Mrs. E. B. suffers from traumatic hysteria as the result of a slight but emotional accident—a fall—when alighting from a railway train. The accident resulted in a sprained shoulder and neuritis of the arm. She fully remembers the accident and describes it as any one might.

When put into hypnosis, however, the memory assumes a different character. She is taken back in imagination to the scene of the accident. Once more the train is entering the station; she leaves the car, steps from the platform upon a truck; then, unawares, steps off the truck and falls to the ground. As she falls her face suddenly becomes distorted with fear; tears stream down her cheeks, which become suffused; her heart palpitates; she suffers again acute pain in her arm, and so on. Her physical and mental anguish is painful to look upon. Though I try to persuade her that she is not hurt and that the accident is a delusion my effort is not very successful.

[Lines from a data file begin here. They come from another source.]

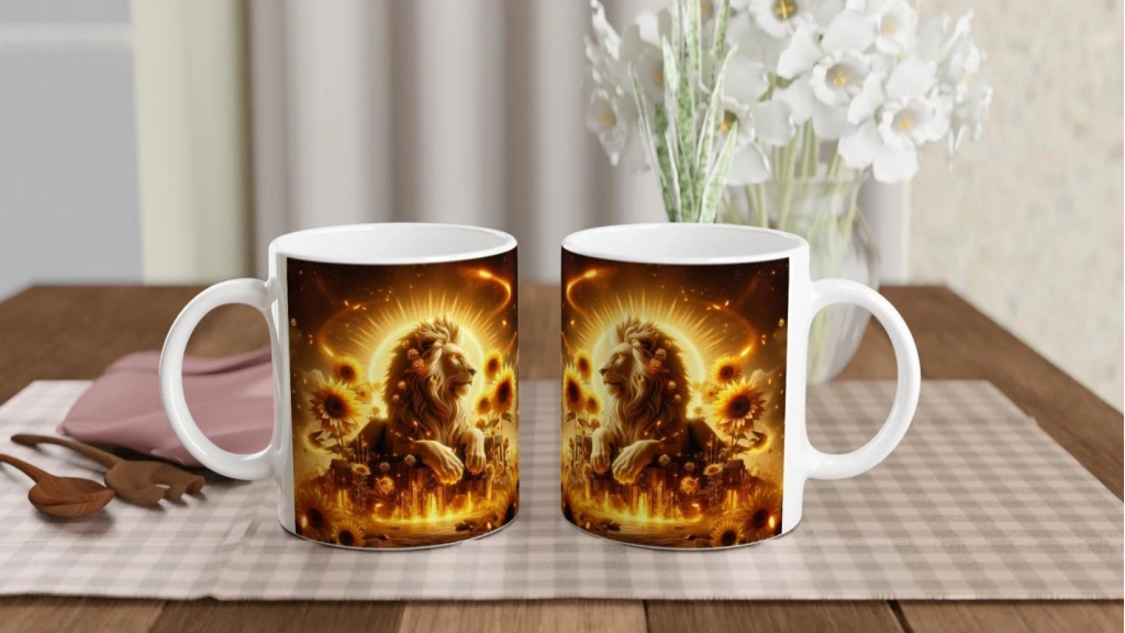 Parlak enerjisiyle dikkat çeken Aslan burcu için hazırlanan bu elementsel doğa krallığı temalı kupa, ateş elementinin ihtişamıyla her yudumda kendinizi taçlandırmanızı sağlar.
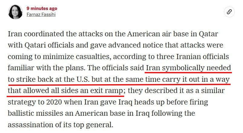 Iran says it used the same amount of missiles against Al-Udeid as the amount of bombs dropped by the U.S. on Fordow (14)
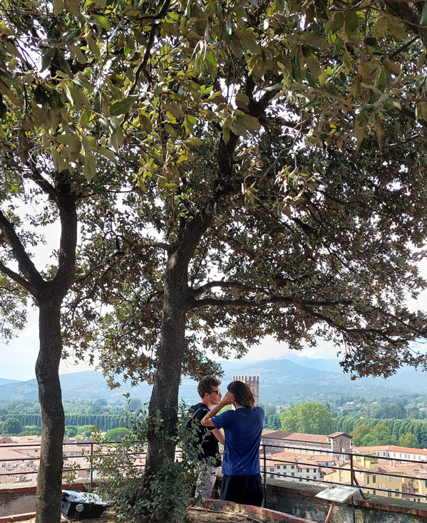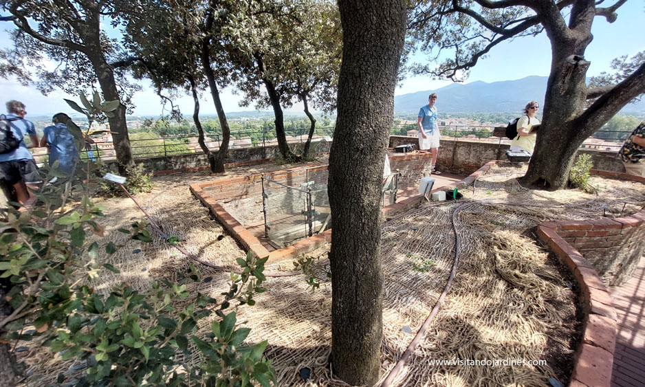 A la sombra de las encinas, se pueden admirar las plazas, callejones, campanarios y tejados y, al fondo, todo el paisaje de montañas que rodean la ciudad desde los Alpes Apuanos a los Apeninos y la cordillera del Monte Pisano.
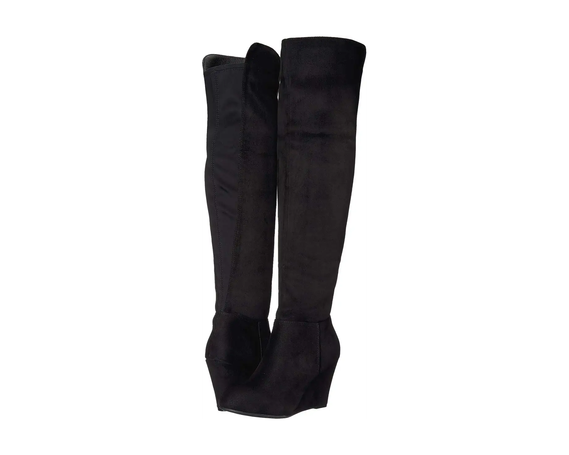 - Get edgy in the over-the-knee Chinese Laundry® Unforgettable boots featuring a synthetic suede upper on a wrapped wedge heel.
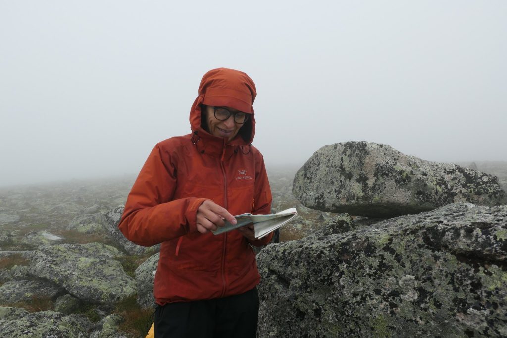 Seuraava aamu valkeni sumuisena. Näkyvyys vaihteli päivän mittaan muutamasta sadasta metristä täyteen hernerokkaan, mikä vaikeutti suunnistamista. Kuljimme tunturiylängöllä korkeuskäyriä myötäillen itään ja ylitimme jyrkässä rotkossa virranneen Buovdajågåsjin. Ylityspaikkaa joutui hiukan hakemaan, sillä jyrkän laakson pohjalle ei pystynyt laskeutumaan joka paikasta. Toinen kahlaus tuli vastaan Nammásjåhkån latvoilla, josta nousimme Gierdogiesjtjåhkkån tunturin eteläiselle harjanteelle. Sumu alkoi tiivistyä niin sakeaksi, että mietimme aikamme jatkamisen mielekkyyttä. Sijainti oli kuitenkin edelleen tarkkaan selvillä, vaikka hetken kyllä kirosinkin GPS-laitteen kotiin jättämistä. Tämä oli kuljetulla reitillä ainoa paikka, jossa siitä olisi ollut todellista hyötyä. Kovin paljon harhaan reitillä ei voisi kulkea, kunhan suunta pysyisi kompassin avulla oikeana.

In this experiment, as in the others, there is substantially a reproduction in all its details of the content of consciousness which obtained at the time of the accident, and also of the emotion and its physiological manifestations—all were faithfully conserved. Further, each event follows in the same chronological sequence as in the original experience.

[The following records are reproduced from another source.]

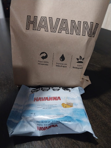 Read moreCompré 6 alfajores surtidos, gasté 10 mil pesos, que no parece una suma baja ni poco dinero teniendo en cuenta la situación actual. Pedí una caja para que estén mas presentables los alfajores y seguros en el viaje, sin embargo el empleado se negó "Solo te puedo dar una caja si compras 6 alfajores del mismo tipo, no con surtidos" ni siquiera me ofreció una bolsa decente, me los guardó en una bolsa de papel madera de calidad cuestionable y fea. Los alfajores obviamente no llegaron en condiciones del viaje, aplastados y desarmados (viajé en auto, no me quiero imaginar si hubiese ido en micro) a los 10 minutos paramos en otro Havanna, un amigo hizo la misma compra que yo (6 alfajores surtidos) y le ofrecieron una caja y una bolsa de verdad. Nunca más, la próxima a Balcarce que está en frente. Adjunto foto...
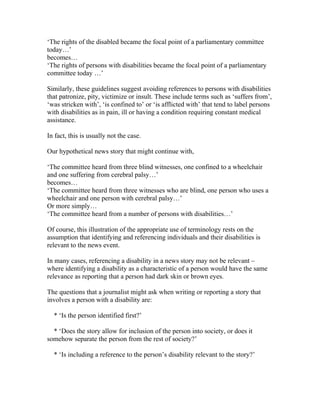 This document provides guidelines for using respectful and affirmative language when referring to people with disabilities. It recommends putting the person before the disability, such as "person with a disability" rather than "disabled person". It advises avoiding terms that imply the person is defined by their disability or that disability is something from which they suffer. Examples of problematic terms to avoid include "victim", "confined to a wheelchair", or "suffering from a disability". The guidelines also note that a person's disability may not always be relevant to mention and journalists should consider if including it separates or includes the person in society.
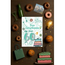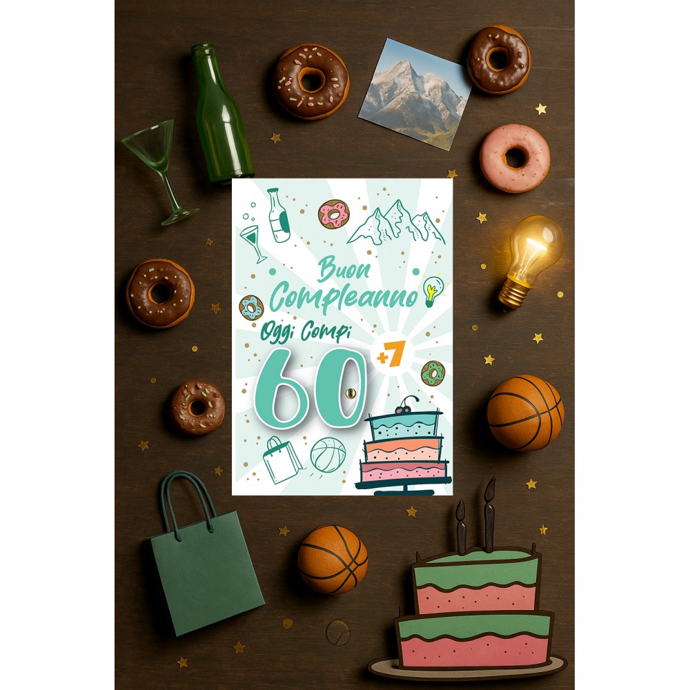 Biglietto di auguri vivace e colorato, ideale per festeggiare un compleanno con allegria. Con curiosi oggetti disegnati e la simpatica scritta “60+7”, è perfetto per rendere speciale il giorno di un giovanissimo o giovanissima!!!

But in these observations the reproduction differs somewhat from that of ordinary memory. It is in the form of a dream, hypnotic or normal, and the subject goes back to the time of the experience, which he thinks is the present, and actually lives over again the original episode. Unlike the conditions of ordinary memory the whole content of his consciousness is practically limited to that which originally was present, all else, the present and the intervening past, being dissociated and excluded. The original psychological processes and their psycho-physiological accompaniments (pain, paralysis, anesthesia, spasms, etc.) repeat themselves as if the present were the past. Plainly, for such a reproduction, the original episode must have left conserved dispositions of some kind which when excited were capable of reënacting the episode in all its psycho-physiological details. From a consideration of such phenomena it is easy to understand how certain psycho-neuroses may be properly regarded as memories of certain past experiences. The experiences are conserved and under certain conditions reproduced from time to time.